Kentish Gazette Canterbury & District
Mystery man makes triumphant return
Croquet
A croquet player who had not picked up a mallet for five years beat world champion Stephen Mulliner in a thrilling tournament final at Polo Farm on Thursday.
Dutchman Rutger Beijderwellen abandoned top-level croquet for kite-surfing in 2012 but Canterbury Croquet club member Jonathan Lamb persuaded him to enter his one-ball association croquet tournament, organised to help celebrate the opening of the club’s new lawns.
Beijderwellen entered on condition that his entry should not be publicised so Lamb announced that there would be a mystery player.

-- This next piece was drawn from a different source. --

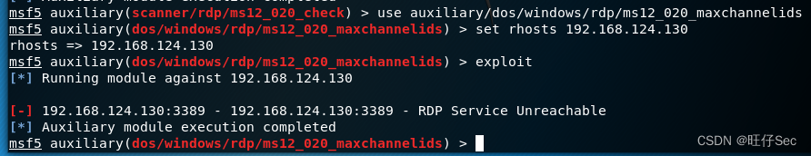 再次调用dos/windows/rdp/ms12_020_maxchannelids模块,使用命令exploit溢出模块,发现已 经无法对目标靶机进行利用。

Lamb said the player could well turn out to win the event – a tall order as one of the 14 competitors was the current world croquet champion.
The mystery player seemed to hail from the Middle East as he emerged from a Rolls whose smartly-attired chauffeur looked remarkably like Canterbury Croquet Club’s chairman Barry Sales.
The mystery was solved once the player removed his headdress.
In the past Beijderwellen specialised in one-ball play, winning a major tournament three times and in the final, Mulliner could not quite match the intensity of the Dutchman’s play.
Canterbury’s Tobi Savage, also a world-class player, was knocked out of the main event but won a consolation challenge competition.
When tournament organiser Jonathan Lamb needed a player to make up the numbers Canterbury’s Henry Bryant took up the challenge.
His first opponent was none other than world champion Stephen Mulliner.
The first-round, best-of-three, game was over in a flash as Mulliner raced around the hoops. However Bryant, who has a handicap of 16, was unfazed.
He went on to score several hoops against Mulliner and continued to play well against top players in later rounds.